▶ **WHAT TO PRODUCE**:
Quote from the first line below through the line that contains "김성우 청와대 홍보수석은", both included, and leave the pictures out.

▶ **MATERIAL FOR THE TASK**:
::::::::::
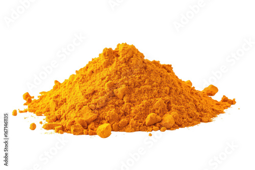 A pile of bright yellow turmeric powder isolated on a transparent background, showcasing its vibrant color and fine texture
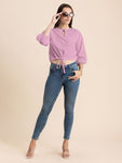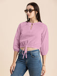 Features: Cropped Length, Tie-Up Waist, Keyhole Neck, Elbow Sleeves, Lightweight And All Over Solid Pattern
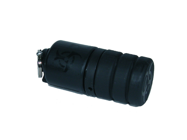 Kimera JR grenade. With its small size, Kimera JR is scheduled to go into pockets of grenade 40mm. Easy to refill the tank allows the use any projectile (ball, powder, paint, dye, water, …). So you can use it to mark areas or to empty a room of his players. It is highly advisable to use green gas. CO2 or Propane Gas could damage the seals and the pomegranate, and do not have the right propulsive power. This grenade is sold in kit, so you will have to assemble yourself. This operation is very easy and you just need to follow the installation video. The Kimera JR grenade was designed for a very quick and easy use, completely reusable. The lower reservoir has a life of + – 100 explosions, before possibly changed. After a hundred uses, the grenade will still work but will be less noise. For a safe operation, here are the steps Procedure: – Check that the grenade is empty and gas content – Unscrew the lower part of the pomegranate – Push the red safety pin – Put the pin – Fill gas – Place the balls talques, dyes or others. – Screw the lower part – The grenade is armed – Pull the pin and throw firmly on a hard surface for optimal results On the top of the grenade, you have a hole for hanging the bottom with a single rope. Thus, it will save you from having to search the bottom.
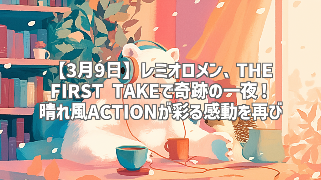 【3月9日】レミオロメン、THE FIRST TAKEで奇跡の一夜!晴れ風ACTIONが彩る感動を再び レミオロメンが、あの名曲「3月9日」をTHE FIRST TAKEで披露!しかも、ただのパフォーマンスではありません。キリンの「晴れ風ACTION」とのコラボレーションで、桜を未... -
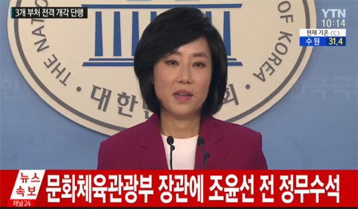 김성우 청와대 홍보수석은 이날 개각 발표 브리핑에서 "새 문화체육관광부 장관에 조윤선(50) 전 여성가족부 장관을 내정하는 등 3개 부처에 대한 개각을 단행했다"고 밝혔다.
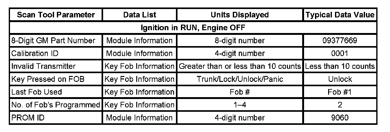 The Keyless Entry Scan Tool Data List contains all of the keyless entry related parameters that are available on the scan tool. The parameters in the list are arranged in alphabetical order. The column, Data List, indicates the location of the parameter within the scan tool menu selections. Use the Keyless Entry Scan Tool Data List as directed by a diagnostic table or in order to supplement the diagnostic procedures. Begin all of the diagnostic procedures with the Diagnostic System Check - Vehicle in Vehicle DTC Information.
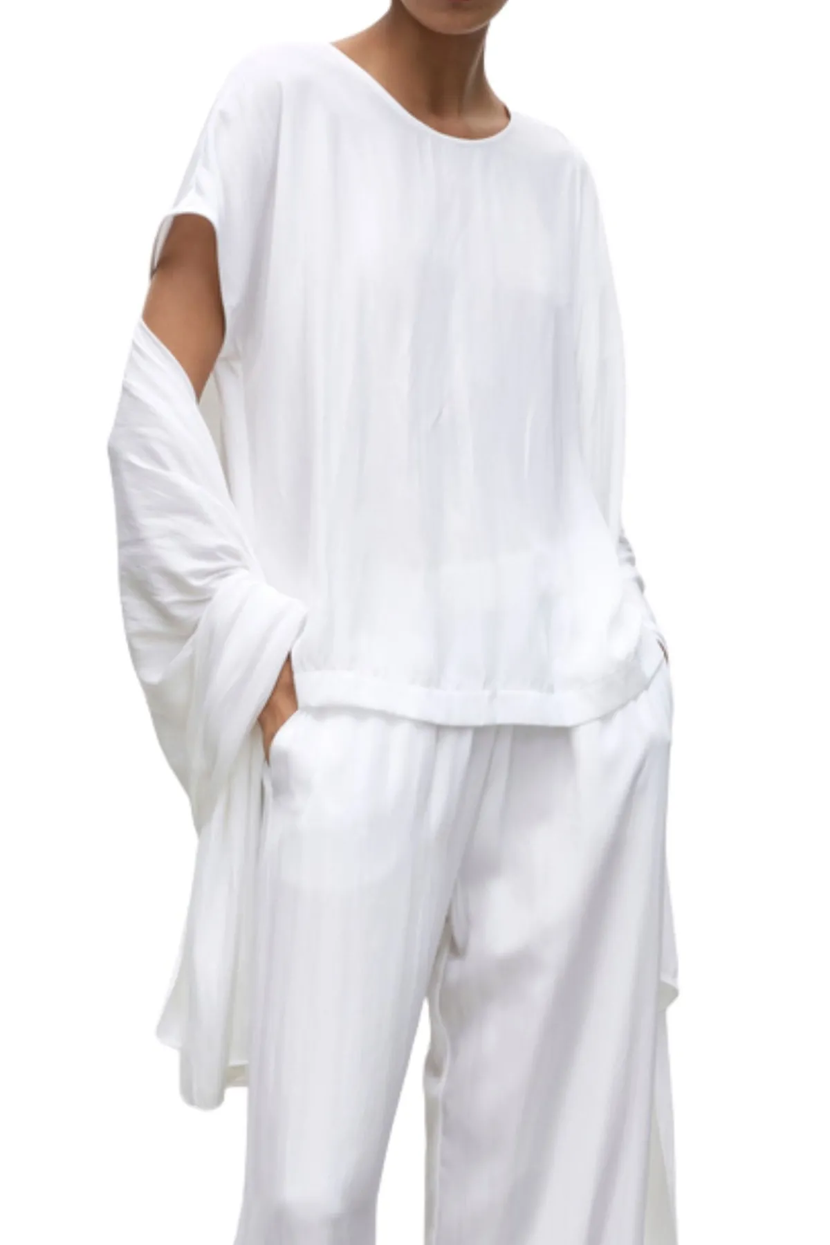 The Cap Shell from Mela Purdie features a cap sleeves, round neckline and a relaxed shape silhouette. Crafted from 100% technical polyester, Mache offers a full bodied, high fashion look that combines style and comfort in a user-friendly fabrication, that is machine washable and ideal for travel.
::::::::::
▶ **RESULT OF THE EXERCISE**:
 A pile of bright yellow turmeric powder isolated on a transparent background, showcasing its vibrant color and fine texture
 Features: Cropped Length, Tie-Up Waist, Keyhole Neck, Elbow Sleeves, Lightweight And All Over Solid Pattern
 Kimera JR grenade. With its small size, Kimera JR is scheduled to go into pockets of grenade 40mm. Easy to refill the tank allows the use any projectile (ball, powder, paint, dye, water, …). So you can use it to mark areas or to empty a room of his players. It is highly advisable to use green gas. CO2 or Propane Gas could damage the seals and the pomegranate, and do not have the right propulsive power. This grenade is sold in kit, so you will have to assemble yourself. This operation is very easy and you just need to follow the installation video. The Kimera JR grenade was designed for a very quick and easy use, completely reusable. The lower reservoir has a life of + – 100 explosions, before possibly changed. After a hundred uses, the grenade will still work but will be less noise. For a safe operation, here are the steps Procedure: – Check that the grenade is empty and gas content – Unscrew the lower part of the pomegranate – Push the red safety pin – Put the pin – Fill gas – Place the balls talques, dyes or others. – Screw the lower part – The grenade is armed – Pull the pin and throw firmly on a hard surface for optimal results On the top of the grenade, you have a hole for hanging the bottom with a single rope. Thus, it will save you from having to search the bottom.
 【3月9日】レミオロメン、THE FIRST TAKEで奇跡の一夜!晴れ風ACTIONが彩る感動を再び レミオロメンが、あの名曲「3月9日」をTHE FIRST TAKEで披露!しかも、ただのパフォーマンスではありません。キリンの「晴れ風ACTION」とのコラボレーションで、桜を未... -
 김성우 청와대 홍보수석은 이날 개각 발표 브리핑에서 "새 문화체육관광부 장관에 조윤선(50) 전 여성가족부 장관을 내정하는 등 3개 부처에 대한 개각을 단행했다"고 밝혔다.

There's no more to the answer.